Walking in Naples we see the posters calling to mass. Wedding masses, but also masses for the death. It might very well be that the catholic congregation of Utrecht produce the same posters, but I haven’t seen them, so I stare at the Neapolitan ones as tourists stare at the many small things that tell us that this is not our place, that faith is the same word across borders, but it might very well be a different thing. It was at the second or third day that I realized that all these masses for the death, those offering in favor of the the afterlife of our loved ones, are called “messa di suffragio”, as in suffrage mass. But a mass… a mass is not a voting! And then it dawns on me again: voting? a votive offering is something that we offer… in order to “gain favor with supernatural forces” as the dictionary puts it.
Is this what voting is?

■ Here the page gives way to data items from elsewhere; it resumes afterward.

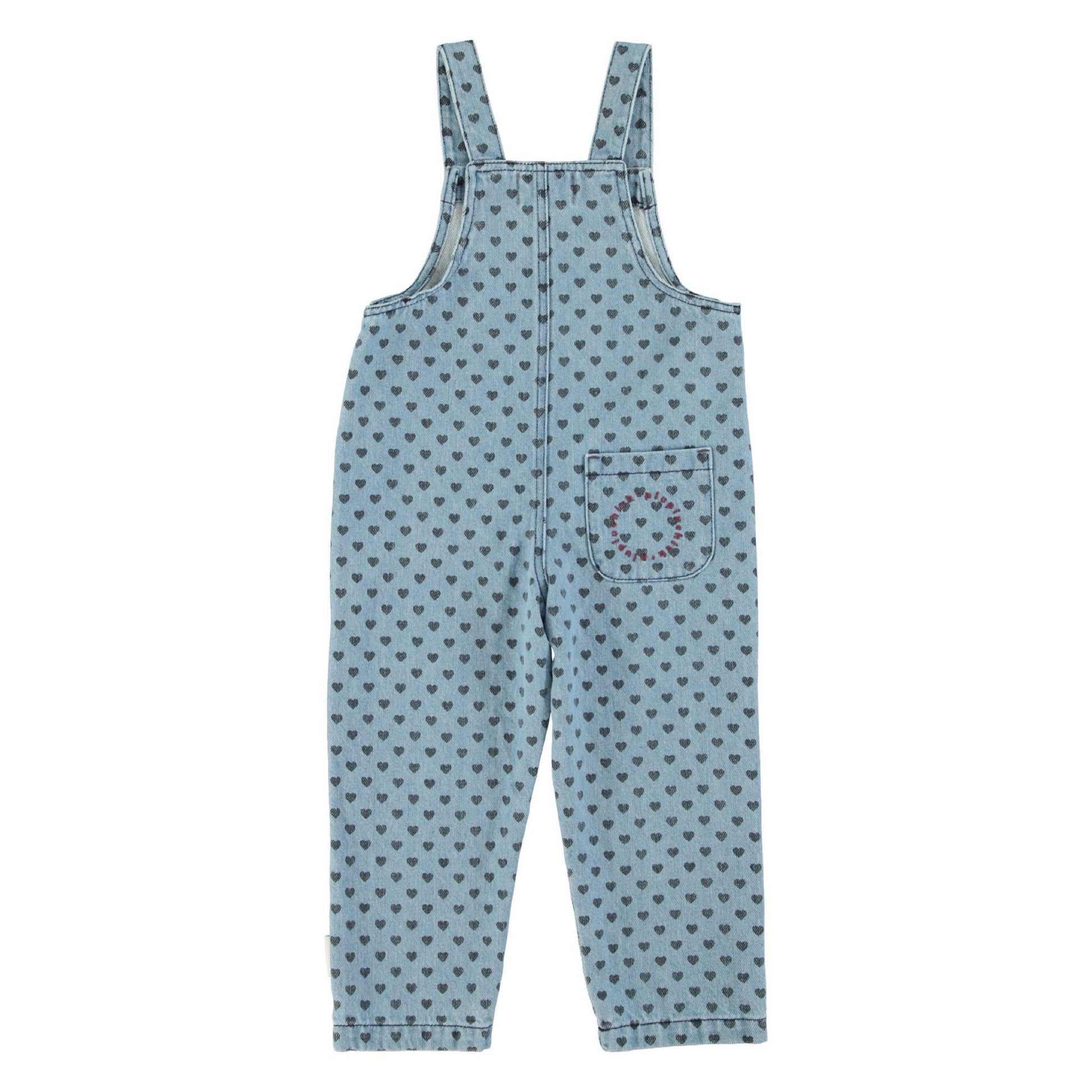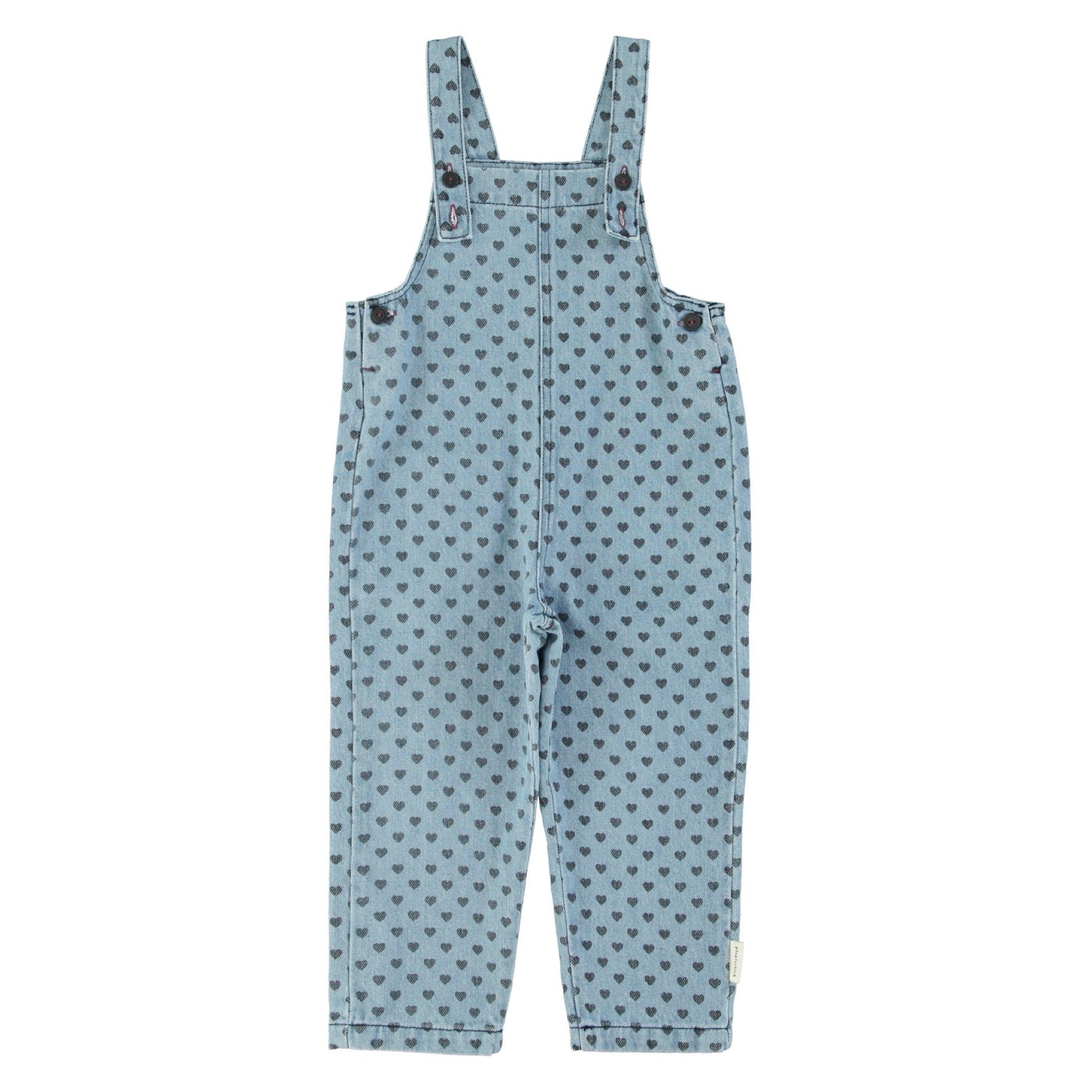 Overalls in washed blue denim with black hearts. Adjustable strap button to allow room for growth.
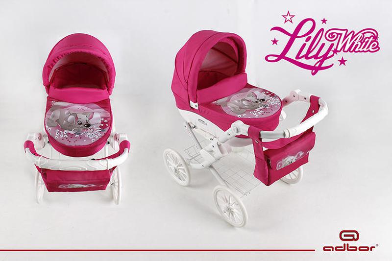 Adbor Lily - дает возможность каждой малышке почувствовать себя настоящей мамочкой. Современная конструкция рамы и легкие колеса добавляют маневренности.Преимущества и оснащение коляски: Легкие, пластиковые колеса;Ручка с регулировкой высоты;Пластиковая люлька;Регулируемый капюшон;Чехол для ножек крепится с помощью магнита;Матрасик в люльке;Сумка, которую можно закрепить на ручкеПодвеска с задней системой амортизации;Бесплатно:Рама с колесами;Люлька;Корзина для покупок;Сумка для покупок;Размеры коляски:в разложенном виде: 70*42*75 см;в сложенном виде: 72*42-34 см;высота до верха капюшона: 75 см;внутренние размеры люльки: 54*26*15 см;высота ручки (от земли): 35-70 см;сумочка: 18*25*8 см;диаметр колес: 17 см.вес коляски: 4,3 кг.
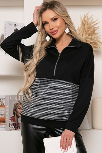 * Комбинированный джемпер свободного силуэта из трикотажного полотна джерси и жаккардового трикотажа гусиная лапка.
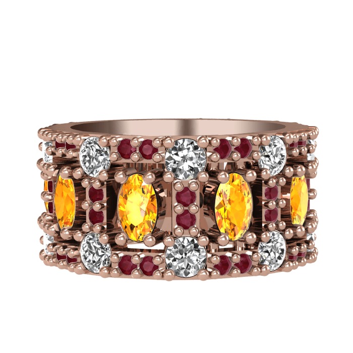 Sitrin, pırlanta ve kök yakut 14 ayar rose altın yüzük (1.76 karat)
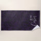 Elegante toalla de playa de leopardo negro morado con tipografía de personalizable en letra de escritura a la moda y personalizada con tu nombre.
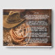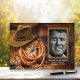 Livro de visitas de funeral e memorial com tema de cowboy com chapéu, corda e fardo de feno em um fundo de madeira rústica com moldura de imagem de corda rústica. Este livro de visitas de funeral com tema de cowboy western é facilmente personalizado, basta adicionar a foto e o texto de sua escolha na frente, verso e lombada.

Is voting an act of faith then?
Asking around to my friends, I hear that of course, vote comes from voice. To vote is to express your voice. That makes sense. It doesn’t shed light in the connection with offering, but it makes sense. Afterwards, though, I find that “vote” does not come from “voice” at all. The origin of the word vote is vow. So a vote is not so much an offering… but a promise? A commitment?
And then, what happened with suffrage? Well, it turns out that even in english suffrage is not only “the right to vote in public”, but in older english, suffrage was used to signify “intercessory prayers”, a particular kind of prayer in which the one who prays, prays not for himself or herself, but for somebody else.
So let’s start by the beginning. We have got the idea of suffrage, which is to ask higher powers for favors, for others (please mighty, cure my sister). But since the eighteen century the word has been appropriated for signifying political franchise, the right that we have to elect higher powers (I want my sister to be mighty). An interesting process of… empowerment? seems to be at play here. We started asking favors to the powerful… and we ended making the powerful? And then we have voting, which seems to have started as a negotiation with the powerful (if you, oh mighty, cure my sister I will lit a candle) to, again, decide who the powerful is (I vote for my sister to be the mighty).
And then again, this same changing content of the same word across fairly different languages is not so weird. Because what the changing meaning of these words does reflect is the changing role that we have created for ourselves. Until not so long ago, and for a very long time before, all what we could do was ask the powerful, perhaps even try to bribe the powerful. We had no agency whatsoever. And somehow, in few hundred years, we ourselves are the ones that give that power, the ones that decide who decide. All agency is ours, actually.
You really have to love how language is live history.